Data records

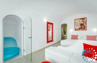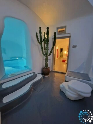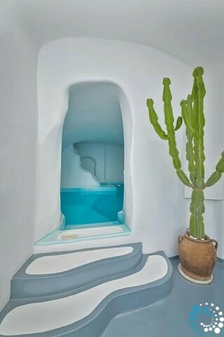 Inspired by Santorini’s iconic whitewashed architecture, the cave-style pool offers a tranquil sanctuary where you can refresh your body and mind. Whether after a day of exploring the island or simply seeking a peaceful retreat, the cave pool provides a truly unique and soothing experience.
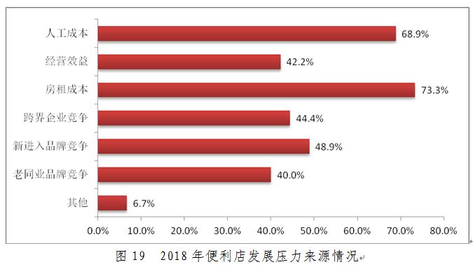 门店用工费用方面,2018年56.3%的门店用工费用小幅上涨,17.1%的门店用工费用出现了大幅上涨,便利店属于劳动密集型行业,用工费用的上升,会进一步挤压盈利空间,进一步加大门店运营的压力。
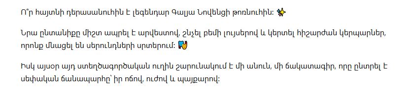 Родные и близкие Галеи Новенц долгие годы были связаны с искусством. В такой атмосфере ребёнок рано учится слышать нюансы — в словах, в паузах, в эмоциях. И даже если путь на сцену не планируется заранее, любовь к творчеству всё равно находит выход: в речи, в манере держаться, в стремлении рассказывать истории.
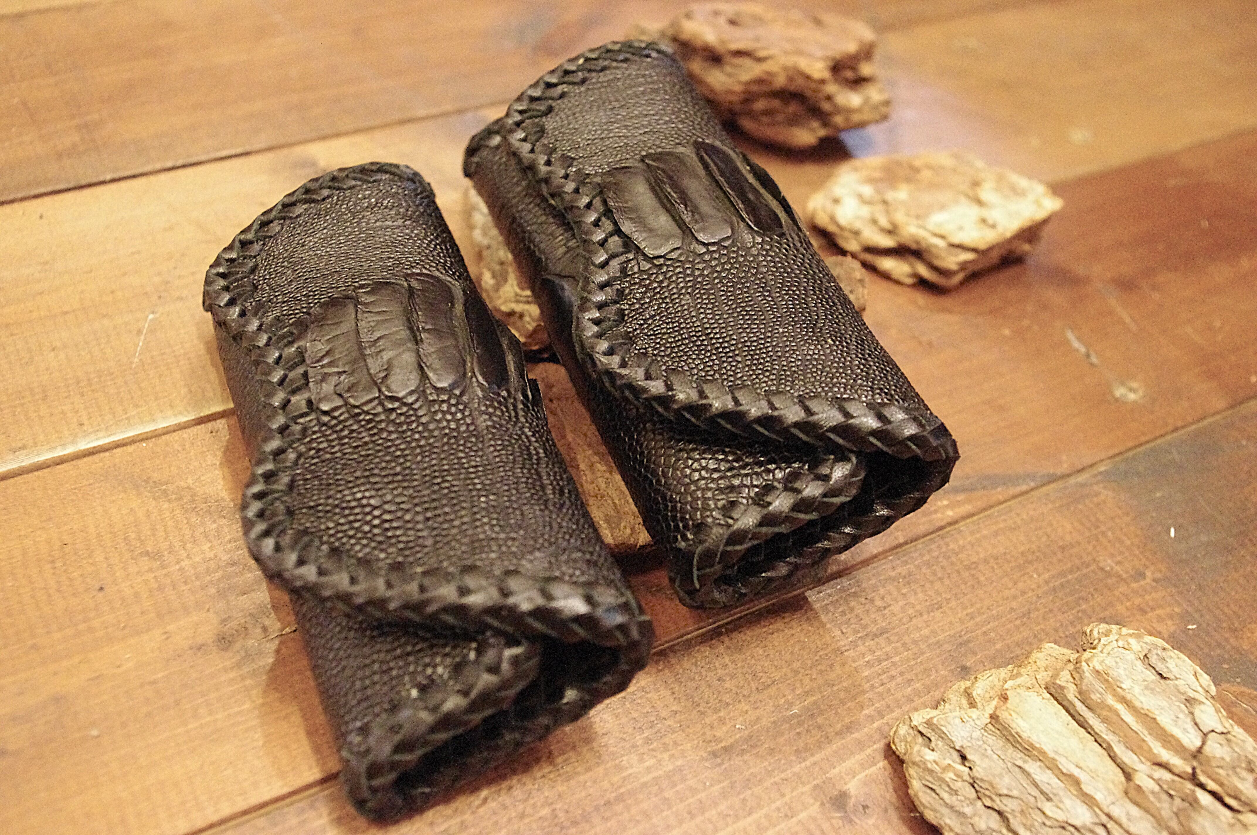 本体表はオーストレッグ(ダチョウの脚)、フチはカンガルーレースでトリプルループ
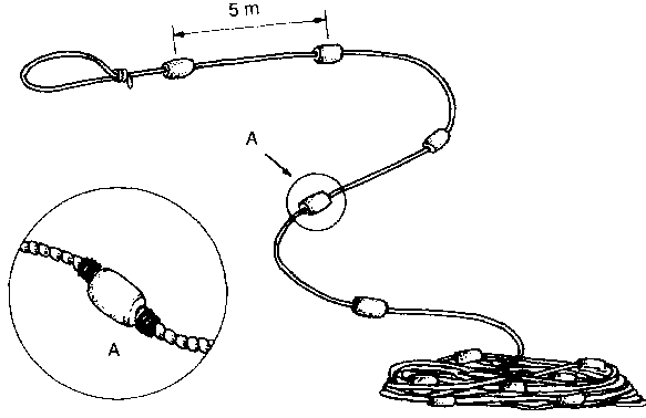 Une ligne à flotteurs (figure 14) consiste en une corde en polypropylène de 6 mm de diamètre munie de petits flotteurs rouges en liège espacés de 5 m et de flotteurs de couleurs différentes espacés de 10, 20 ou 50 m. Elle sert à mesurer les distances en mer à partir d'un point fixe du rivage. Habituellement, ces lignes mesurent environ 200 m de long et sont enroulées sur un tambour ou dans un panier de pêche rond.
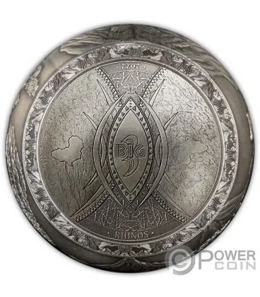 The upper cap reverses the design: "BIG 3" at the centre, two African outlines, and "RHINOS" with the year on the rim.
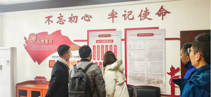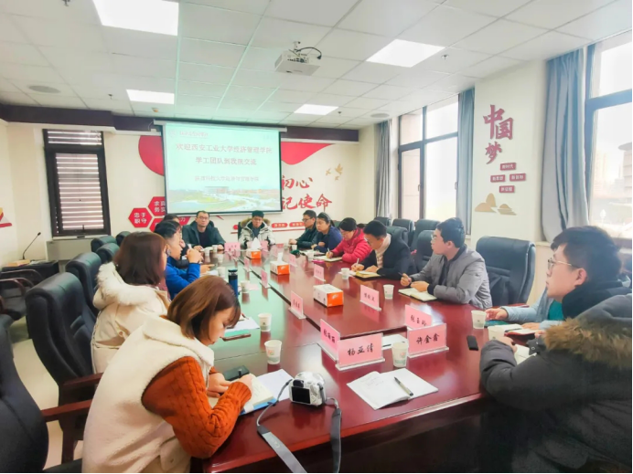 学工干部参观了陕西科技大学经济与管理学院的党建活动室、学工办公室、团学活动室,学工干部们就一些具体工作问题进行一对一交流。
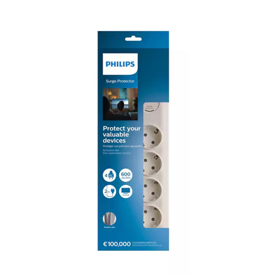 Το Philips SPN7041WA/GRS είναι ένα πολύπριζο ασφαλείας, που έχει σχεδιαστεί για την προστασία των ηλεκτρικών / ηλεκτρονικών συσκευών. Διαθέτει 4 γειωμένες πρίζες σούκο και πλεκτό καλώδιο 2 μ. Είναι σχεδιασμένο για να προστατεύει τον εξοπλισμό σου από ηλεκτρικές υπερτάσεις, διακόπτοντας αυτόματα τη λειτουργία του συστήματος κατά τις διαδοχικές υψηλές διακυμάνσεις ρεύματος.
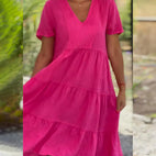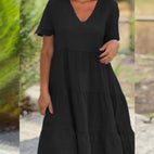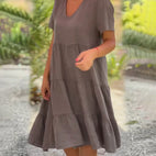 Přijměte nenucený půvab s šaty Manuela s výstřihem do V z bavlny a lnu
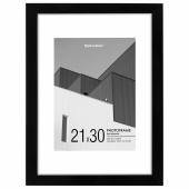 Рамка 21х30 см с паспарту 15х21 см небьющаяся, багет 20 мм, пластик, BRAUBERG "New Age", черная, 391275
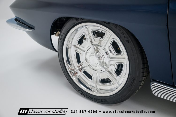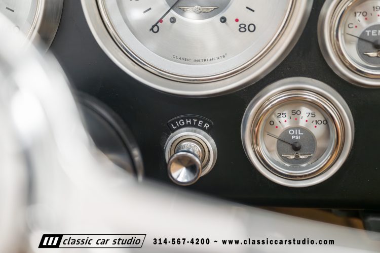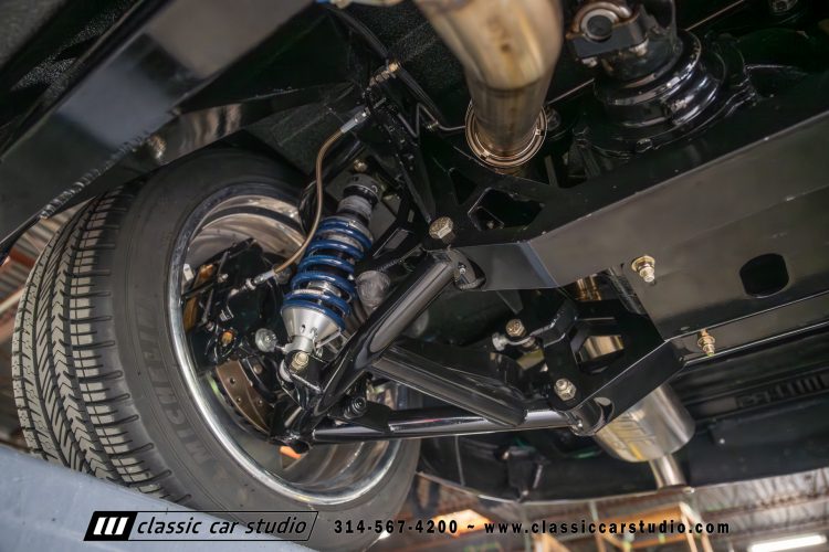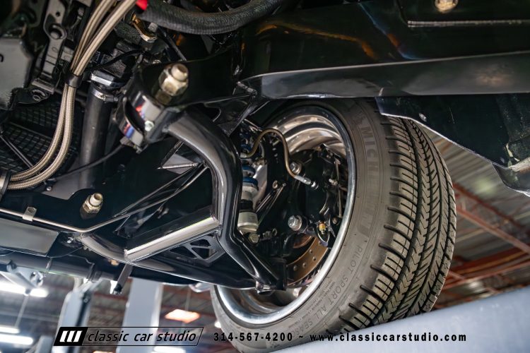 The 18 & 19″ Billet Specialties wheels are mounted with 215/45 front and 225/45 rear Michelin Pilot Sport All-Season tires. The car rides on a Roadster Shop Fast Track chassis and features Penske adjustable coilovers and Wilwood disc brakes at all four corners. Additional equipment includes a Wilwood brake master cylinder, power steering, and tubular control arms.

--- What you are asked to do ---
Reproduce the data above line for line, from its first line through the line containing "本体表はオーストレッグ(ダチョウの脚)、フチはカンガルーレースでトリプルループ", both ends included, with the pictures omitted and nothing more.

--- Solution ---
 Inspired by Santorini’s iconic whitewashed architecture, the cave-style pool offers a tranquil sanctuary where you can refresh your body and mind. Whether after a day of exploring the island or simply seeking a peaceful retreat, the cave pool provides a truly unique and soothing experience.
 门店用工费用方面,2018年56.3%的门店用工费用小幅上涨,17.1%的门店用工费用出现了大幅上涨,便利店属于劳动密集型行业,用工费用的上升,会进一步挤压盈利空间,进一步加大门店运营的压力。
 Родные и близкие Галеи Новенц долгие годы были связаны с искусством. В такой атмосфере ребёнок рано учится слышать нюансы — в словах, в паузах, в эмоциях. И даже если путь на сцену не планируется заранее, любовь к творчеству всё равно находит выход: в речи, в манере держаться, в стремлении рассказывать истории.
 本体表はオーストレッグ(ダチョウの脚)、フチはカンガルーレースでトリプルループ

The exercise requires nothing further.